How do you do the most good in the world?
A few years ago, my colleague Dylan Matthews wrote about an effective-altruism-inspired framework for answering that question: importance, neglectedness, and tractability.
Importance is obvious: How many beings are affected by the problem? How affected are they? The larger the scale and the higher the stakes, the higher the priority.
Tractability is also pretty obvious: How easy is it to make progress on the problem? Some problems are obviously big and important, but there are no good proposals to actually address them.
Neglectedness is, I think, the criterion that made effective altruism so interesting — and weird — back when Dylan wrote that piece. The claim is that if you want to do unusual good, you want to be looking for problems that few others are working on. That could be because they affect disadvantaged populations who have limited resources to advocate for themselves, or because they’re really weird and wild-sounding.

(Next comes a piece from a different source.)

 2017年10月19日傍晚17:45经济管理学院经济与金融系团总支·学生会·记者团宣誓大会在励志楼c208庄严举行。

The focus on neglectedness meant that the effective altruist movement largely didn’t prioritize some important global problems that other organizations and movements were already addressing. These include subjects like climate change, which will lead to millions of unnecessary deaths in the upcoming decades, or global childhood vaccination, which has been one of the largest drivers of falling child mortality but which is fairly well-funded, or US education policy, which is important to get right but already has plenty of philanthropists with bright ideas throwing around huge sums.
Instead, there was a focus on things that few others were working on: cultivating replacement meat. Wild animal suffering. The threat of pandemics. AI risk.

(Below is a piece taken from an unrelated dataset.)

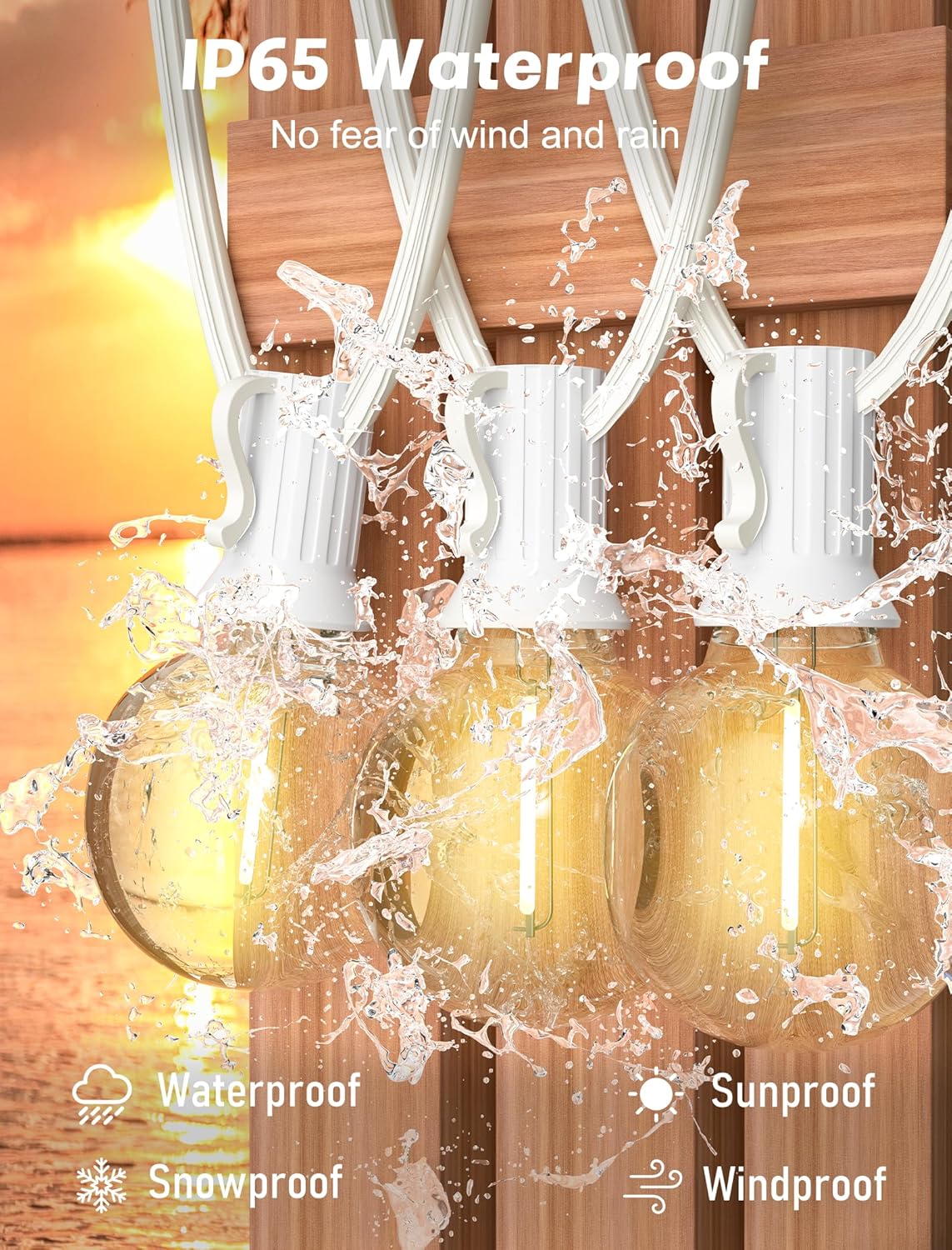 - Dimmable & Widely Used: Compatible with most dimmers (dimmer not included). Our commercial g40 white string lights are perfect for balcony, garden, gazebo, tent, BBQ market, cafe umbrellas, wedding decoration

Some of those bets now look strikingly prescient; some just as weird as they seemed a decade ago, and notably less tractable than was once hoped.

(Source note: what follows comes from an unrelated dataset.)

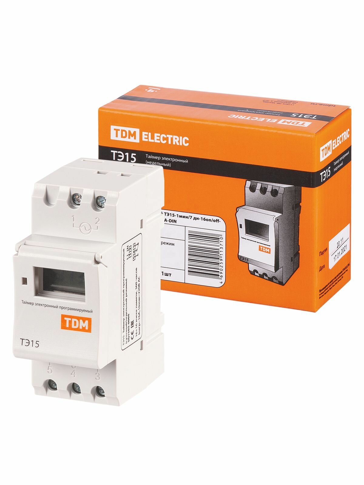 Таймер электронный TDM Electric ТЭ15-1мин/7дн-16on/off-16А-DIN

AI changes everything. Right?
AI, in particular, has gone from a neglected issue to one everybody is talking about.
A decade ago, the belief that powerful AI systems posed a threat to life on Earth — while it’d been stressed by such intellectual luminaries as Alan Turing, Stephen Hawking, Stuart Russell, and more — was a major priority only for a few tiny nonprofits. Today, Demis Hassabis, who runs Google DeepMind, and Sam Altman, who runs OpenAI, have openly said they have serious concerns about the threat posed by more capable AI. The father of modern machine learning, Geoffrey Hinton, has quit Google to speak out more openly about AI risk. The White House has fielded questions about the possibility we’ll all die from AI, and met with tech leaders to figure out what to do about it.
Specific research approaches on AI risk may still be neglected, and there are still huge elements of the problem that have almost no one working on them. But I don’t think it makes sense to say that AI is neglected anymore. And that’s a change that has had profound effects on the community that started working on it.
AI appears to be really high-stakes. It may be mainstream, but that doesn’t mean it’s being adequately addressed. And it may fundamentally change the nature of all the other problems to work on in our world, from changing the character of global poverty and inequality to making new technologies possible to potentially unleashing new and dangerous weapons.
So should people like me, who are interested in the effective altruist lens on the world, keep trying to find neglected, underconsidered policy problems? Or should we focus on getting the big issue of our day exactly right?
Remember what’s neglected
I think it’s important to keep looking for neglected things. For one thing, I’m really glad that 10 years ago the effective altruism movement was willing to check out ideas that were ambitious, weird, and “crazy”-sounding. If they hadn’t, I think it’d have been notably harder to get to work on AI safety as a problem.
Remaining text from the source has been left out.